Manchester Centre for Genomic Medicine, St. Mary's Hospital, Central Manchester NHS Trust, Manchester Academic Health Science Centre, Manchester, UK.
Divison of Evolution and Genomic Sciences, School of Biology, Faculty of Biology, Medicine and Health, University of Manchester, Manchester, UK.
Arch Dis Child. 2017 Nov;102(11):1019-1029. doi: 10.1136/archdischild-2017-312738. Epub 2017 May 3.
Inborn errors of metabolism (IEMs) underlie a substantial proportion of paediatric disease burden but their genetic diagnosis can be challenging using the traditional approaches.
We designed and validated a next-generation sequencing (NGS) panel of 226 IEM genes, created six overlapping phenotype-based subpanels and tested 102 individuals, who presented clinically with suspected childhood-onset IEMs.
In 51/102 individuals, NGS fully or partially established the molecular cause or identified other actionable diagnoses. Causal mutations were identified significantly more frequently when the biochemical phenotype suggested a specific IEM or a group of IEMs (p<0.0001), demonstrating the pivotal role of prior biochemical testing in guiding NGS analysis. The NGS panel helped to avoid further invasive, hazardous, lengthy or expensive investigations in 69% individuals (p<0.0001). Additional functional testing due to novel or unexpected findings had to be undertaken in only 3% of subjects, demonstrating that the use of NGS does not significantly increase the burden of subsequent follow-up testing. Even where a molecular diagnosis could not be achieved, NGS-based approach assisted in the management and counselling by reducing the likelihood of a high-penetrant genetic cause.

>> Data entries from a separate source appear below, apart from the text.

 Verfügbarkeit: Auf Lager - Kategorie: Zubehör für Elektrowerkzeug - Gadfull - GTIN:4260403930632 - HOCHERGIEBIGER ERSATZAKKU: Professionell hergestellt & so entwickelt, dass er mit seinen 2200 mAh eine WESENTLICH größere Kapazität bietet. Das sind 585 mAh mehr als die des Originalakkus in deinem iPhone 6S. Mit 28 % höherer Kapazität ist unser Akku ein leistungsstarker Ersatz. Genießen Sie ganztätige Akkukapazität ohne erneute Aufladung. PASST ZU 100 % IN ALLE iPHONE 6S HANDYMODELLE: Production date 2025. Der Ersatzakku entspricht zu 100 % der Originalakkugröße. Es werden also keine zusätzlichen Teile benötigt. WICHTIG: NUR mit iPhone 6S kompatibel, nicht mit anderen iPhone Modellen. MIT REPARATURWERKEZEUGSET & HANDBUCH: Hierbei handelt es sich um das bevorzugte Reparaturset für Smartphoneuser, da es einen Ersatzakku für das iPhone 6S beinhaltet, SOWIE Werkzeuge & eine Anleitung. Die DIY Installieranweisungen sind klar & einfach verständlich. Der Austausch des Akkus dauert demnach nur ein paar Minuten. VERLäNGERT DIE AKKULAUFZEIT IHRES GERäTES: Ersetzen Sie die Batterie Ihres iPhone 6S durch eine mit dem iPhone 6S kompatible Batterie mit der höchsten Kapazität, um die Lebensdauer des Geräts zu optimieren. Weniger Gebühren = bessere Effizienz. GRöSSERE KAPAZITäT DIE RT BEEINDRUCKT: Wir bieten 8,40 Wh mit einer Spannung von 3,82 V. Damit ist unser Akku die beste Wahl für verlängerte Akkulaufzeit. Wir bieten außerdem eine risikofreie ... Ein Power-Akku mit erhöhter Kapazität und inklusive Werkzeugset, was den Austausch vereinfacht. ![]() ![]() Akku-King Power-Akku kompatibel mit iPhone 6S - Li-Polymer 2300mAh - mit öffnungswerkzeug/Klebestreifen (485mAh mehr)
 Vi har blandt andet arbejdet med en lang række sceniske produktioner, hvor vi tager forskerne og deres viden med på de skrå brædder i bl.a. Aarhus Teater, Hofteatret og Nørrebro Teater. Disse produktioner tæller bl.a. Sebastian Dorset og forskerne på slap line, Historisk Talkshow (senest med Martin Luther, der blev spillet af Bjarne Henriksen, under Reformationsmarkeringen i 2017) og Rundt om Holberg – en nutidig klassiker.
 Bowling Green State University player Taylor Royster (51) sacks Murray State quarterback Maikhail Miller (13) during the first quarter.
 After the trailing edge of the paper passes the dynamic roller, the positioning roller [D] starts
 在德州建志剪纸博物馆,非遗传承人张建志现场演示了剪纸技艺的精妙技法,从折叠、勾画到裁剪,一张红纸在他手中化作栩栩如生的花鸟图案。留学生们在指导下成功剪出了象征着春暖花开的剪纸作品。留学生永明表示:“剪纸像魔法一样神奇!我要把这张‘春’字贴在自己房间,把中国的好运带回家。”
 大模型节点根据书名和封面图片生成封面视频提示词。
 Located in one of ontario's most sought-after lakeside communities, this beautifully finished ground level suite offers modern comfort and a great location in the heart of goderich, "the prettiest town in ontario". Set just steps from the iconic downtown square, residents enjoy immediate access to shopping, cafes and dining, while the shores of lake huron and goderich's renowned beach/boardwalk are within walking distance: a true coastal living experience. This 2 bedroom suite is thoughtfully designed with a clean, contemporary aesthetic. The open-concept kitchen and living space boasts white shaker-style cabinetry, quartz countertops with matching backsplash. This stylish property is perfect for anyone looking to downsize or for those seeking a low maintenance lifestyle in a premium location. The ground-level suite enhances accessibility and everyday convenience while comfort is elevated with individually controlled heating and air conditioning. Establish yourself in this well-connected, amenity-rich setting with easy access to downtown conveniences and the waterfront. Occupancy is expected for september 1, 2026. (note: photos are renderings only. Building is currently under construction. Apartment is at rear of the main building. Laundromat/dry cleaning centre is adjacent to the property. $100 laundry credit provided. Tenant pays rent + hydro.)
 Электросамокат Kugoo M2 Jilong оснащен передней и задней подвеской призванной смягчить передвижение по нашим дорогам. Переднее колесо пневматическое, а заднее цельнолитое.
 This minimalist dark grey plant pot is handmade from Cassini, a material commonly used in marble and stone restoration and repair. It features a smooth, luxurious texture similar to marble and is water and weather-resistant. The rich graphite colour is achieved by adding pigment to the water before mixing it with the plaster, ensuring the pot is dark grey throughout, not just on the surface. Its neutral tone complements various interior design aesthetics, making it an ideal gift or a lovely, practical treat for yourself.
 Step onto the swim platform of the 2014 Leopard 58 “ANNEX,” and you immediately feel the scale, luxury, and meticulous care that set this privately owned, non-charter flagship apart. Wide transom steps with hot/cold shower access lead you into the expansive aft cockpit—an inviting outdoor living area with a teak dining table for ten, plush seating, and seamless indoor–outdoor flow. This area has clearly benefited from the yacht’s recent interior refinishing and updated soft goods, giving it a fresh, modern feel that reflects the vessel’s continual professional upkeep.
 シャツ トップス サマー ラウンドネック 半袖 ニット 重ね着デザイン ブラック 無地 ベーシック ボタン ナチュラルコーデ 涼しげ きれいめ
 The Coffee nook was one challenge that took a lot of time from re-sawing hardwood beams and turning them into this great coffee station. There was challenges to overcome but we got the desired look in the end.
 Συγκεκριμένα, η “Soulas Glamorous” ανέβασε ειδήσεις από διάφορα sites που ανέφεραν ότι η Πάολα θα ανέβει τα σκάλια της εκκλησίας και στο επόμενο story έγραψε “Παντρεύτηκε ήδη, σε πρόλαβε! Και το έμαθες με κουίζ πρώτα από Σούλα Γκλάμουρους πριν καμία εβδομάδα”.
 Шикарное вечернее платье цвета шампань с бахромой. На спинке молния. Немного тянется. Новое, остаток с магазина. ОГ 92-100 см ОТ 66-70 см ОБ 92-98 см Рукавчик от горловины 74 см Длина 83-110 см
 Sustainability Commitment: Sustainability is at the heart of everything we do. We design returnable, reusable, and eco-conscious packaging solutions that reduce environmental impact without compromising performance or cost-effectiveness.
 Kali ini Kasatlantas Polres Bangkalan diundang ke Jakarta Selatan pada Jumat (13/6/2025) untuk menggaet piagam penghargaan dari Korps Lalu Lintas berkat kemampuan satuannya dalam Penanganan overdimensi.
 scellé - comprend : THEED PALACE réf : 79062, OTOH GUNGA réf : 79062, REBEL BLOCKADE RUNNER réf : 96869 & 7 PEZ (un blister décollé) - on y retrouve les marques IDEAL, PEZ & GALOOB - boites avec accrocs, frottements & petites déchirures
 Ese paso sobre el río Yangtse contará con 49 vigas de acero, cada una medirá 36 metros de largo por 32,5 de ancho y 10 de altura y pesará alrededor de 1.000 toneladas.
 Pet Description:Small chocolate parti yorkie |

NGS has significant clinical utility for the diagnosis of IEMs. Biochemical testing and NGS analysis play complementary roles in the diagnosis of IEMs. Incorporating NGS into the diagnostic algorithm of IEMs can improve the accuracy of diagnosis.
先天性代谢缺陷(IEMs)是儿童疾病负担的重要组成部分,但使用传统方法进行遗传诊断具有挑战性。
我们设计并验证了一个包含 226 个 IEM 基因的下一代测序(NGS)面板,创建了六个基于重叠表型的子面板,并对 102 名具有疑似儿童期起病 IEM 临床表现的个体进行了测试。
在 102 名个体中,NGS 完全或部分确定了分子病因或确定了其他可采取行动的诊断。当生化表型提示特定的 IEM 或一组 IEM 时,更频繁地鉴定出因果突变(p<0.0001),这表明在指导 NGS 分析时,先前的生化检测具有关键作用。NGS 面板有助于避免 69%的个体进行进一步的侵入性、危险、冗长或昂贵的调查(p<0.0001)。由于新的或意外的发现而需要进行额外的功能测试的个体仅占 3%,这表明使用 NGS 并不会显著增加后续随访测试的负担。即使无法实现分子诊断,基于 NGS 的方法也通过降低高外显率遗传原因的可能性来辅助管理和咨询。
NGS 在 IEMs 的诊断中具有重要的临床应用价值。生化检测和 NGS 分析在 IEMs 的诊断中发挥互补作用。将 NGS 纳入 IEMs 的诊断算法可以提高诊断的准确性。